In the theology that came out of the reformation, this planet and its world were given no future. Martin Luther was loathe indeed to take up the subject of eschatology and steadfastly refused to give any consideration to the Biblical message of future events. Thus, the Protestant movement was handed a garbled mess of Roman Catholic tradition, with very little modification as to what the future of the earth would be. John Calvin, who assembled into one body of doctrine the scattered opinions of the reformation period, avoided coming to grips with the great eschatological problems of the Scriptures. Thus, the reformers did very little but generalize about the future and left the Protestant world an almost childish version of things to come.
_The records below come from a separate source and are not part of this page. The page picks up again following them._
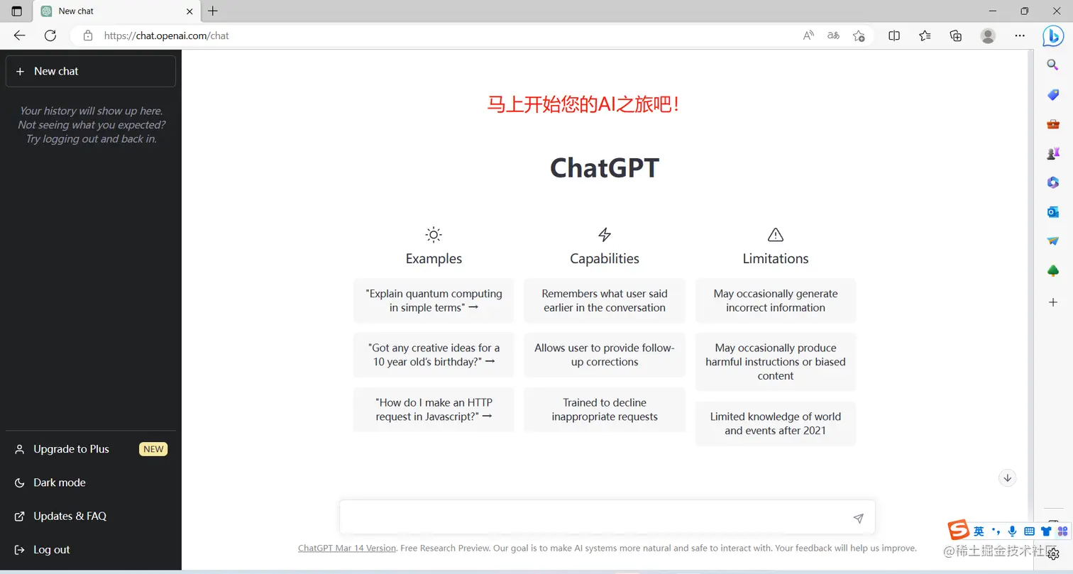 6、稍等片刻,您将可以体验到迄今为止人类最强大的AI--chatgpt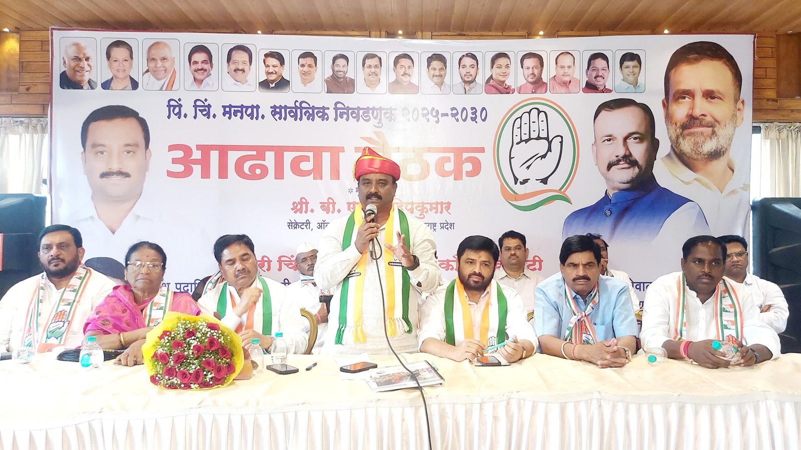 पिंपरी, (महाराष्ट्र ब्रेकिंग न्यूज) – पिंपरी चिंचवड महानगरपालिका निवडणुक २०२५ करीता शहर काँग्रेस कमिटी च्यावतीने करण्यात येत असलेल्या नियोजना बाबत अखिल भारतीय काँग्रेस कमिटीचे सेक्रेटरी तथा महाराष्ट्र प्रदेश काँग्रेस कमिटीचे सह-प्रभारी श्री बी एल संदीप कुमार यांच्या उपस्थितीत आढावा बैठक डांगे चौक, थेरगाव येथे घेण्यात आली. यावेळी शहराध्यक्ष डॉ.कैलास कदम यांच्या हस्ते महाराष्ट्र प्रदेश काँग्रेस कमिटीचे सह-प्रभारी श्री बी एल संदीप कुमार यांना पुणेरी पगडी, शाल व पुष्पगुच्छ देऊन स्वागत करण्यात आले.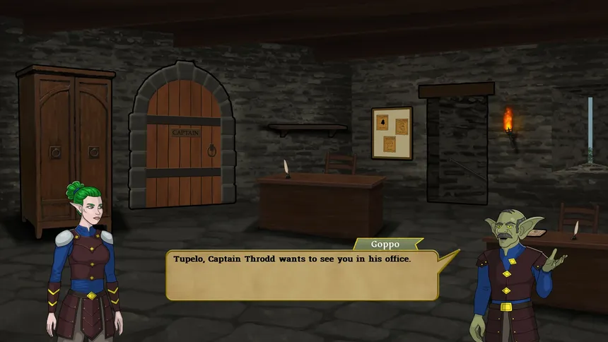 A buddy-cop rom-com visual novel set in a medieval fantasy world.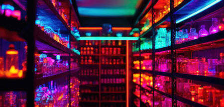 Interior of a night club with neon lights and bottles of alcoholic beverages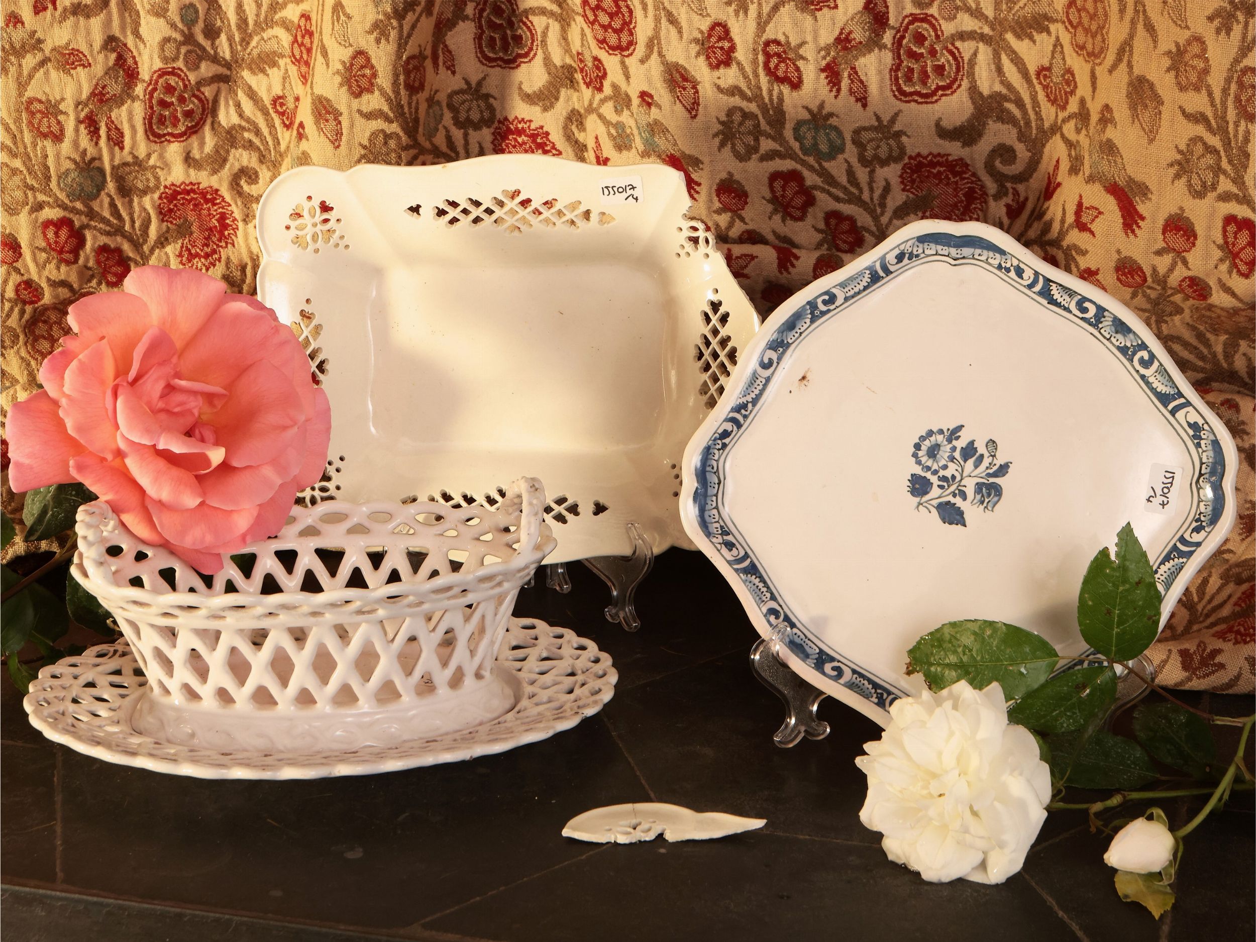 cestino h cm 10x22x14 (4) XVIII/XIX secolo composto da un cestino ovale realizzato come un intreccio di paglia a grata con il suo vassoietto, un piatto di forma quadrata dipinto in monocromia blu ed un vassoietto in terraglia con tesa a merletto (difetti)

In the reformation theology, the earth, the world, the nations, and Israel simply have no future. All the Biblical promises to them are considered to mean nothing, most of these being explained as speaking of "the church" in heaven. As to the future, this theology holds that there is to come a great day of judgment. This is equated with and said to fulfill all declarations in regard to the second coming of Christ. At this, all mankind, past and present, are to be personally assembled and divided into two companies, the righteous and the wicked. The righteous are then given a permanent dwelling place in heaven and the wicked either sent to or returned to a place called hell, where they are to be tormented forever. Then the earth and all that pertains to it are to be destroyed.

The translators of the King James Version were rigid followers of the reformation theology. This explains why a simple Greek phrase such as suntelias tou aiOnos (the consummation of the eon) was translated "the end of the world" (Matt. 24:3). They were translating their crude concept of the future of the world into the Word of God, and now many readers of this version suffer the consequences of this corruption of Biblical truth.

Even the casual Bible reader should be able to see the conflict and contradiction between "the end of the world" and the words of Jesus Christ: "God sent not His Son into the world to condemn the world; but that the world through Him might be saved" (John 3:17), also, "I came not to judge the world, but to save the world" (John 12:47). Furthermore, we have the inspired words of John: "The Father sent the Son to be the Savior of the world" (1 John 4:14).

In view of these statements, we can declare upon the authority of God’s Word that this world is savable and that it is going to be rescued, delivered, and made safe from all that afflicts it. "The world also shall be established that it shall not be moved" (Psa. 96:10). And even though a multitude of prophets of doom, both secular and religious, are now armed with scientific opinions and economic tables that declare its early demise, this world is not going to end, neither at the hands of men nor the hand of God. It is going to be rescued and delivered by He Who is "the Savior of the world" (John 4:42), even the Lord Christ Jesus.

In addition to this, it needs to be declared that it is not the message of the Bible that this planet’s deliverance from the bondage of corruption (Rom. 8:21, 22) and the salvation of the world come only after God has torn the world and its inhabitants to pieces by internecine warfare, nuclear holocausts, and the imagined revival of a ten-nation Roman Empire. All this is dramatically asserted by Hal Lindsey and his sensational ghost writer Carol Carlson in their book The Late Great Planet Earth. This has had an enormous sale due to its exploitation of man’s present anxieties. Now that it is to be made into a movie, its claim that the Bible sets forth certain signs that are now present and which "herald man’s doomsday" will become more and more the popular delusion of the Biblically illiterate masses.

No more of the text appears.